NCM - Wednesday, July 18, 2012 - linkThermals shouldn't be much different than the previous model, since the internals are very similar, as is the TDP. See also the iFixit teardown here: <http://www.ifixit.com/Teardown/MacBook-Pro-15-Inch...
tipoo - Wednesday, July 18, 2012 - linkThe case design and airflow are different though. This doesn't have those side vents, more space for air though. And the whole heatsink design looks different.
akfanta - Thursday, July 19, 2012 - linkI think the side vents and different case design are only for retina mbp.
tipoo - Thursday, July 19, 2012 - linkI know. That's why I'm asking if the thermals and noise are different between the two.
gnumantsc - Wednesday, July 18, 2012 - linkFor $2200 that is absolutely a waste of money on a machine that has a 1400x900 and poorly spec'd. I would rather get the Zenbook pro over Mac any day of the week.
coder543 - Wednesday, July 18, 2012 - linkFor $2200, you should get the Retina Pro which is better than any Zenbook Prime by a good margin, and I would say better than any laptop on the market. (if someone points out a 10lb desktop replacement gaming laptop with an hour of battery life, they are only considering raw number crunching performance. A product is not defined by one number or another, but by all numbers considered at once.)
Ratman6161 - Wednesday, July 18, 2012 - link$2200 or $1799 or even $1599. I'm just not going to pay those prices for a notebook (anyone's notebook) no matter how good it is. They are just outside the price range I'm willing to pay.
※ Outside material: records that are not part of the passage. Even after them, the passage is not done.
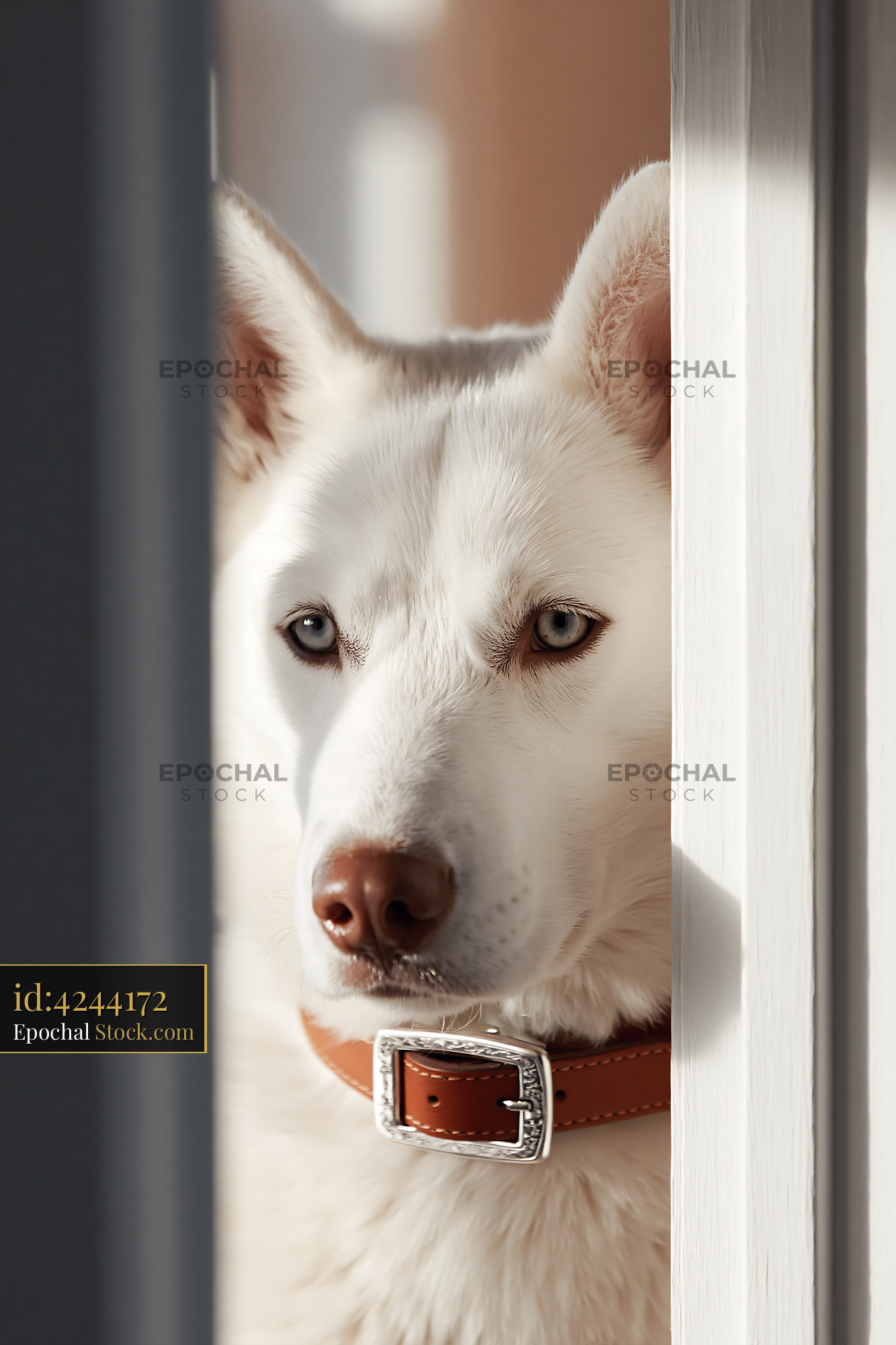 A close-up of a white Siberian Husky with bright eyes peering through a door frame, capturing a moment of domestic curiosity, patience, and loyal companionship.
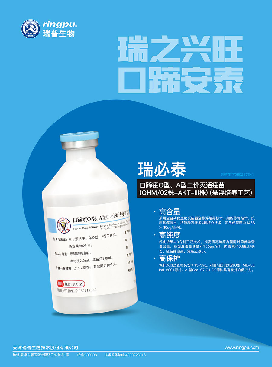 主要產品:瑞普生物疫苗、藥物原料、藥物制劑、飼料添加劑
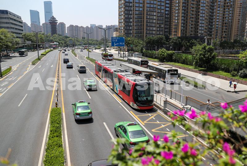 图片说明:2022年7月6日,四川省宜宾市制造的智轨电车“蜀都号”和“天府号”在成都市载客试跑,不少市民前来体验感受新的出行方式。
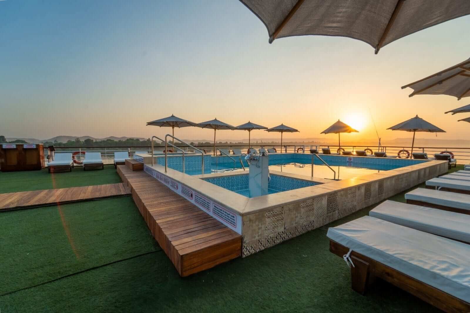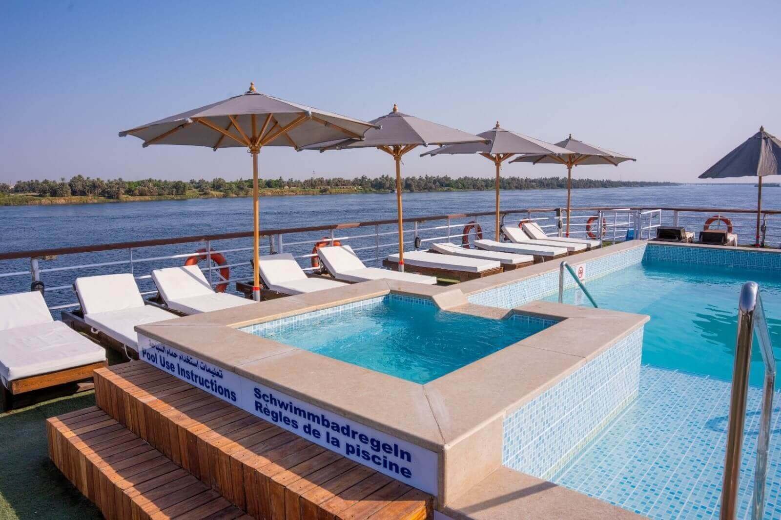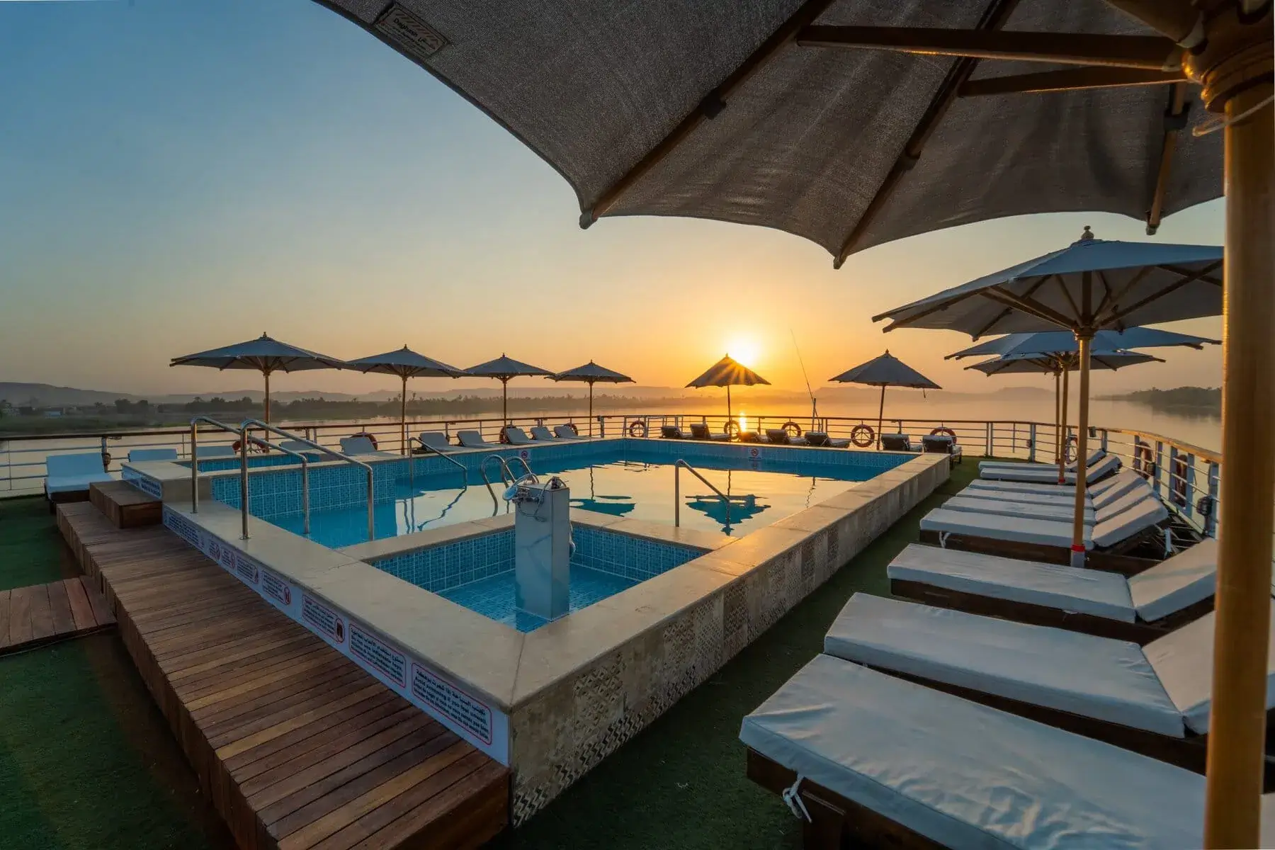 A luxury panoramic platform with a pool, jacuzzi, and unobstructed 360° views of the sky. Watch totality with astronomical experts by your side, or walk to Luxor Temple, just steps away from where we dock.

michael2k - Wednesday, July 18, 2012 - linkDid you notice how the $2200 MBP compares to the 2008 8 core Xeon Mac Pro?
You're paying for a portable workstation, here.
iSayuSay - Wednesday, July 18, 2012 - linkA workstation from 2008 .. yeaah .. sure. Might as well say my iPhone is faster than Pentium III workstation box from 1998. I'm paying for a phone more capable than a full fledged computer 12 years ago. How can that be different?